# Glimmer of hope for a DeLand SunRail station



## Qapla (Jul 16, 2019)

There is talk that Federal funds may finally be available to extend SunRail from DeBary north to Deland

https://www.masstransitmag.com/rail...-county-council-reconsiders-sunrail-to-deland

https://www.orlandosentinel.com/new...0190715-dyfdghi7drgjbdgcmwftcjwrt4-story.html

https://www.masstransitmag.com/rail...-county-council-reconsiders-sunrail-to-deland


----------



## jis (Jul 17, 2019)

https://www.mynews13.com/fl/orlando...olusia-reaffirms-sunrail-support?cid=share_fb


----------



## AmtrakWPK (Nov 21, 2019)

Qapla said:


> There is talk that Federal funds may finally be available to extend SunRail from DeBary north to Deland
> 
> https://www.masstransitmag.com/rail...-county-council-reconsiders-sunrail-to-deland
> 
> ...



I was kind of hoping that somebody would notice the fact that the A-Line north to Deland runs literally RIGHT PAST Blue Spring State Park and propose a stop there. School classes from the whole Orlando Metro area could do field trips to Blue Spring, and area Seniors could do a day trip there from their local SunRail station. It would also be a powerful argument for weekend service. On a visit there one day, I was on the bridge over the tracks on the way into the Park and watched 98 flying by.


----------



## Qapla (Nov 21, 2019)

It would be interesting to see how they would do that since there is no grade crossing near the entrance into the park ... but, I agree, it would be an excellent place to incorporate a stop.


----------



## jis (Nov 22, 2019)

Volusia County has asked to be permitted to leave the SunRail compact and forgo spending any money on the proposed extension to Deland. 
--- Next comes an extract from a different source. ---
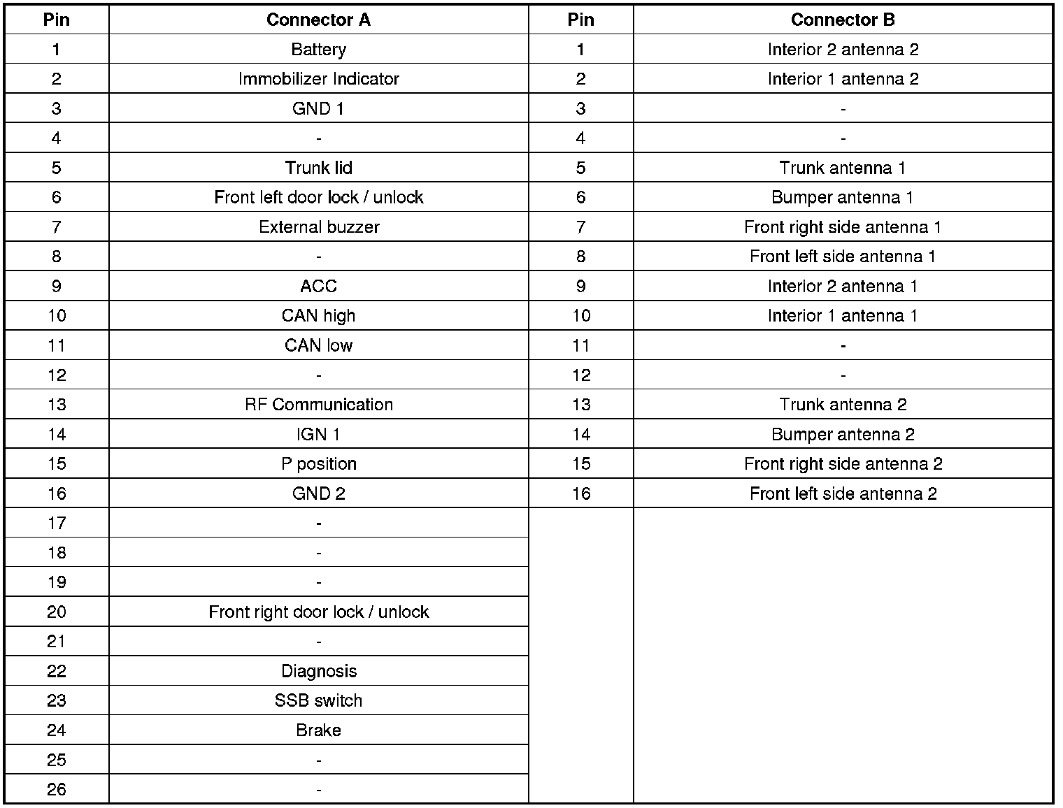 Connector Pin Information

https://www.news-journalonline.com/news/20190829/volusia-asks-out-of-sunrail-to-deland-deal


----------



## Qapla (Nov 22, 2019)

That's a shame. More than likely the ones who want to make this change are ones who would never use the service.

It reminds me of some in Alachua County. For years there have been those who say the county should close the libraries and quit spending money on them since "no one uses them". It is obvious to anyone who does use the library that those who say this have never tried to find a parking space at one of the library branches.

My guess would be that the people in Volusia who say the money would be better spent on other transportation "needs" have never tried to find a parking space at the DeBary station. They have no clue just how many people use SunRail on a daily basis and how much benefit a stop in Deland would be. Too bad there aren't tracks running from Deland to Daytona that SunRail could use to extend to Daytona - that would make a Delans Station even more useful.


----------



## jis (Nov 22, 2019)

There is a separate study for getting SunRail to Daytona from Debary. Going via Deland on the A Line is really a somewhat out of the way routing to do it. The direct route study was along the I-4 ROW. Frankly, I don't think the Volusia County Commissioners get it.

At least theoretically the Federal money could be retargeted to what used to be called Phase III which is the connection to Orlando International Airport, but it does require much more money from somewhere to fund it fully. If built, that would be incredibly useful, notwithstanding the Brightline transfer station at Meadow Woods. Brightline is likely to be more expensive than a direct SunRail connection for the travelers.


----------



## west point (Nov 22, 2019)

Atlantic Coast Line actually ran trains to Blue springs. As to what happened and where the station was will leave to someone else ?


----------